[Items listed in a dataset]
Content starts

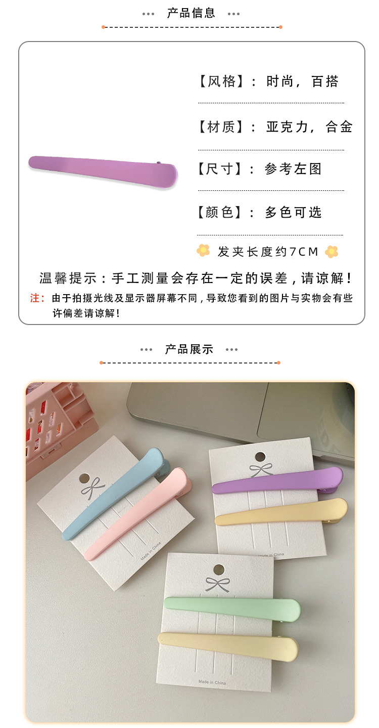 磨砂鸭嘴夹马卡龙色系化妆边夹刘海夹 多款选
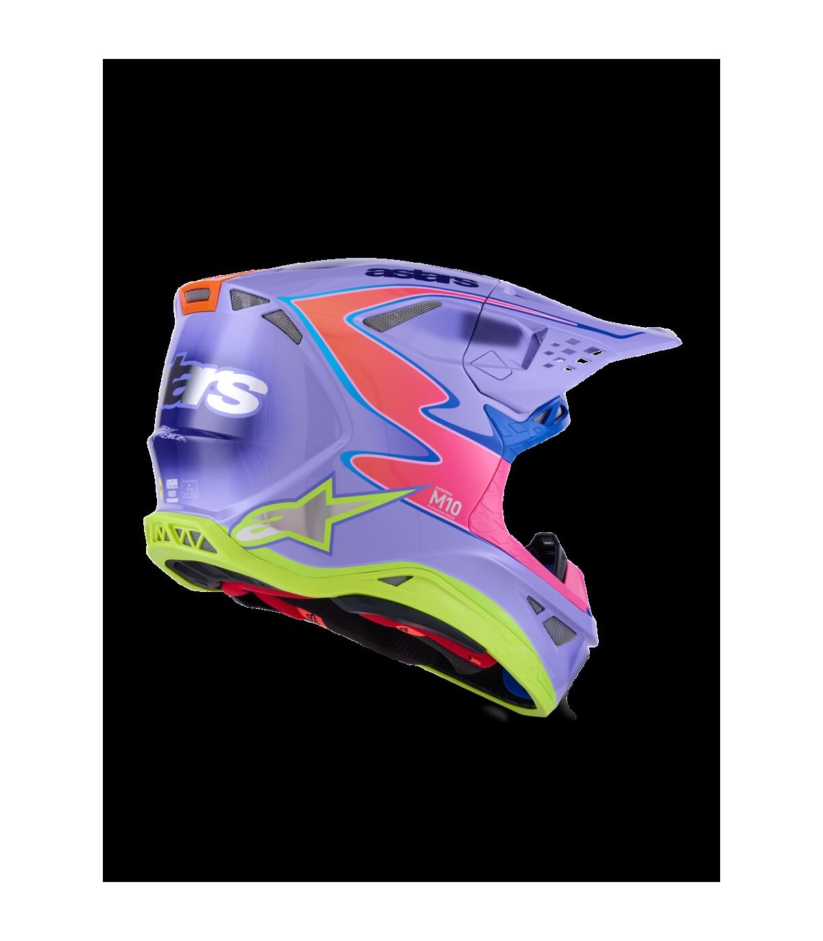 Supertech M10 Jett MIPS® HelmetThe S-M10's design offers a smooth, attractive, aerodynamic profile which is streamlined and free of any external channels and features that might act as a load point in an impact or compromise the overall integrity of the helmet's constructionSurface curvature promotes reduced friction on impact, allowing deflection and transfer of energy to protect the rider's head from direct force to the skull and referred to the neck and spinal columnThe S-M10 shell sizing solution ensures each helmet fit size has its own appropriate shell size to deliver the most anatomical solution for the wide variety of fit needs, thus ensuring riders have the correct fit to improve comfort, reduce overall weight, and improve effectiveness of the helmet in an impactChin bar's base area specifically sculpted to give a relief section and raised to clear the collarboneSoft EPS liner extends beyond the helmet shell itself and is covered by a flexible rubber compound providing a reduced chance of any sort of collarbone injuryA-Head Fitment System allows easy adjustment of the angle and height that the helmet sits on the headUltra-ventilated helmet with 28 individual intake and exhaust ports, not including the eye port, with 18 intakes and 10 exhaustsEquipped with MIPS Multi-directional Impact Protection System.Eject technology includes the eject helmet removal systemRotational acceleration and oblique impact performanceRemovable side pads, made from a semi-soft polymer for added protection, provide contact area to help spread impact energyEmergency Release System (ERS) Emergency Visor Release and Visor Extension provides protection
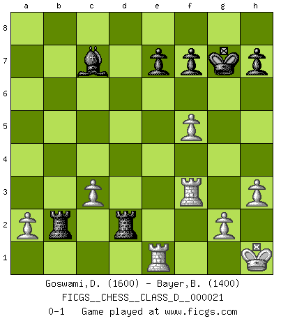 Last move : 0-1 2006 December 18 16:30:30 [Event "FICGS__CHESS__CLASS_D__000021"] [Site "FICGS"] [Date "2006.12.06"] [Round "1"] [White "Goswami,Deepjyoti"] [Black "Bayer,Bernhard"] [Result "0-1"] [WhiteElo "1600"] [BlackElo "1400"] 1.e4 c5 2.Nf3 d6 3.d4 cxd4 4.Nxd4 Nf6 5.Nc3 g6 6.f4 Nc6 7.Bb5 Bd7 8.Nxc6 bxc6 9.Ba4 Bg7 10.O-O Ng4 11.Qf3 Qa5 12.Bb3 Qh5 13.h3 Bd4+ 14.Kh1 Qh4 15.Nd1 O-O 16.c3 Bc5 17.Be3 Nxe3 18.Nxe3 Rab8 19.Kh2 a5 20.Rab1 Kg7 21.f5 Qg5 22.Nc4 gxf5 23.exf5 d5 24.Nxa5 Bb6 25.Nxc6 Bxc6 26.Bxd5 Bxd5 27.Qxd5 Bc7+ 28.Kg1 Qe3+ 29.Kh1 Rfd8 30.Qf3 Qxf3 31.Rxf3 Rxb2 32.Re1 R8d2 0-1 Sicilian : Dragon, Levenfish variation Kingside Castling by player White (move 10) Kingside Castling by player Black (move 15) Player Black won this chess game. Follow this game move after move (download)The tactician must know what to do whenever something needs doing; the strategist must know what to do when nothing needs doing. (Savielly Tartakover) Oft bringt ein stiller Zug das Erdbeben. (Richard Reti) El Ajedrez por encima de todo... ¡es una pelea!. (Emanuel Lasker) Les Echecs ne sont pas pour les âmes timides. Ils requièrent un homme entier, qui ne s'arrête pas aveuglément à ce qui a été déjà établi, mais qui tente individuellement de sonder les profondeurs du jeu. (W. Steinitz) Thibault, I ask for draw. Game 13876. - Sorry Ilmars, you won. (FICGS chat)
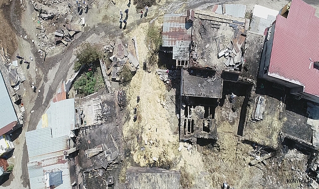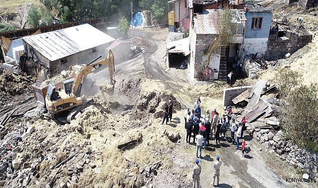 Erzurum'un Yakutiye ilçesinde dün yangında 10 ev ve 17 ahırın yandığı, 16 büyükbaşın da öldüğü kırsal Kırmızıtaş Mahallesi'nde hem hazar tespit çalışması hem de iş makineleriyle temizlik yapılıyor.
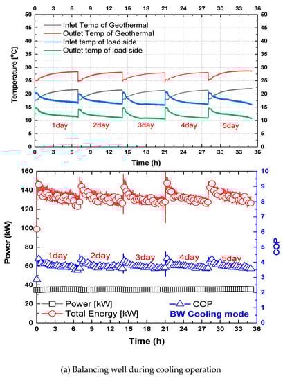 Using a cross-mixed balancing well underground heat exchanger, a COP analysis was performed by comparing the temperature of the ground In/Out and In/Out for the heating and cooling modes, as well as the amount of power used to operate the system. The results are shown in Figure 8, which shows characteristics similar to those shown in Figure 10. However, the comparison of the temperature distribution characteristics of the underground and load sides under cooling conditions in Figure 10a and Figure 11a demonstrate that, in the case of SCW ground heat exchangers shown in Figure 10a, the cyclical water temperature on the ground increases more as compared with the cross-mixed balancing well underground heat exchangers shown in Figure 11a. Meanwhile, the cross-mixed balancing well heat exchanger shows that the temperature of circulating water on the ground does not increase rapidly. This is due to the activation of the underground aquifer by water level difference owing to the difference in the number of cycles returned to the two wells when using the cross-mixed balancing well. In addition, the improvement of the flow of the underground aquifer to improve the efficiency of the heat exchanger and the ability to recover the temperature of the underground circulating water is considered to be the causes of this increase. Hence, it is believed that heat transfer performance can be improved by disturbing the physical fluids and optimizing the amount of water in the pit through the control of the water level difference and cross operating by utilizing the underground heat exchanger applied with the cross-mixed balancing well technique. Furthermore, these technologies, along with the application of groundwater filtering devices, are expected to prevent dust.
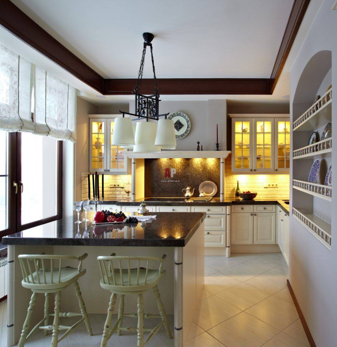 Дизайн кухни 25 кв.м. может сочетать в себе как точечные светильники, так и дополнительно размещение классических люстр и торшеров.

Content ends

HOW TO COMPLETE THIS TASK:
Without the images, write out each line of the data verbatim.

FINAL ANSWER:
 磨砂鸭嘴夹马卡龙色系化妆边夹刘海夹 多款选
 Supertech M10 Jett MIPS® HelmetThe S-M10's design offers a smooth, attractive, aerodynamic profile which is streamlined and free of any external channels and features that might act as a load point in an impact or compromise the overall integrity of the helmet's constructionSurface curvature promotes reduced friction on impact, allowing deflection and transfer of energy to protect the rider's head from direct force to the skull and referred to the neck and spinal columnThe S-M10 shell sizing solution ensures each helmet fit size has its own appropriate shell size to deliver the most anatomical solution for the wide variety of fit needs, thus ensuring riders have the correct fit to improve comfort, reduce overall weight, and improve effectiveness of the helmet in an impactChin bar's base area specifically sculpted to give a relief section and raised to clear the collarboneSoft EPS liner extends beyond the helmet shell itself and is covered by a flexible rubber compound providing a reduced chance of any sort of collarbone injuryA-Head Fitment System allows easy adjustment of the angle and height that the helmet sits on the headUltra-ventilated helmet with 28 individual intake and exhaust ports, not including the eye port, with 18 intakes and 10 exhaustsEquipped with MIPS Multi-directional Impact Protection System.Eject technology includes the eject helmet removal systemRotational acceleration and oblique impact performanceRemovable side pads, made from a semi-soft polymer for added protection, provide contact area to help spread impact energyEmergency Release System (ERS) Emergency Visor Release and Visor Extension provides protection
 Last move : 0-1 2006 December 18 16:30:30 [Event "FICGS__CHESS__CLASS_D__000021"] [Site "FICGS"] [Date "2006.12.06"] [Round "1"] [White "Goswami,Deepjyoti"] [Black "Bayer,Bernhard"] [Result "0-1"] [WhiteElo "1600"] [BlackElo "1400"] 1.e4 c5 2.Nf3 d6 3.d4 cxd4 4.Nxd4 Nf6 5.Nc3 g6 6.f4 Nc6 7.Bb5 Bd7 8.Nxc6 bxc6 9.Ba4 Bg7 10.O-O Ng4 11.Qf3 Qa5 12.Bb3 Qh5 13.h3 Bd4+ 14.Kh1 Qh4 15.Nd1 O-O 16.c3 Bc5 17.Be3 Nxe3 18.Nxe3 Rab8 19.Kh2 a5 20.Rab1 Kg7 21.f5 Qg5 22.Nc4 gxf5 23.exf5 d5 24.Nxa5 Bb6 25.Nxc6 Bxc6 26.Bxd5 Bxd5 27.Qxd5 Bc7+ 28.Kg1 Qe3+ 29.Kh1 Rfd8 30.Qf3 Qxf3 31.Rxf3 Rxb2 32.Re1 R8d2 0-1 Sicilian : Dragon, Levenfish variation Kingside Castling by player White (move 10) Kingside Castling by player Black (move 15) Player Black won this chess game. Follow this game move after move (download)The tactician must know what to do whenever something needs doing; the strategist must know what to do when nothing needs doing. (Savielly Tartakover) Oft bringt ein stiller Zug das Erdbeben. (Richard Reti) El Ajedrez por encima de todo... ¡es una pelea!. (Emanuel Lasker) Les Echecs ne sont pas pour les âmes timides. Ils requièrent un homme entier, qui ne s'arrête pas aveuglément à ce qui a été déjà établi, mais qui tente individuellement de sonder les profondeurs du jeu. (W. Steinitz) Thibault, I ask for draw. Game 13876. - Sorry Ilmars, you won. (FICGS chat)
 Erzurum'un Yakutiye ilçesinde dün yangında 10 ev ve 17 ahırın yandığı, 16 büyükbaşın da öldüğü kırsal Kırmızıtaş Mahallesi'nde hem hazar tespit çalışması hem de iş makineleriyle temizlik yapılıyor.
 Using a cross-mixed balancing well underground heat exchanger, a COP analysis was performed by comparing the temperature of the ground In/Out and In/Out for the heating and cooling modes, as well as the amount of power used to operate the system. The results are shown in Figure 8, which shows characteristics similar to those shown in Figure 10. However, the comparison of the temperature distribution characteristics of the underground and load sides under cooling conditions in Figure 10a and Figure 11a demonstrate that, in the case of SCW ground heat exchangers shown in Figure 10a, the cyclical water temperature on the ground increases more as compared with the cross-mixed balancing well underground heat exchangers shown in Figure 11a. Meanwhile, the cross-mixed balancing well heat exchanger shows that the temperature of circulating water on the ground does not increase rapidly. This is due to the activation of the underground aquifer by water level difference owing to the difference in the number of cycles returned to the two wells when using the cross-mixed balancing well. In addition, the improvement of the flow of the underground aquifer to improve the efficiency of the heat exchanger and the ability to recover the temperature of the underground circulating water is considered to be the causes of this increase. Hence, it is believed that heat transfer performance can be improved by disturbing the physical fluids and optimizing the amount of water in the pit through the control of the water level difference and cross operating by utilizing the underground heat exchanger applied with the cross-mixed balancing well technique. Furthermore, these technologies, along with the application of groundwater filtering devices, are expected to prevent dust.
 Дизайн кухни 25 кв.м. может сочетать в себе как точечные светильники, так и дополнительно размещение классических люстр и торшеров.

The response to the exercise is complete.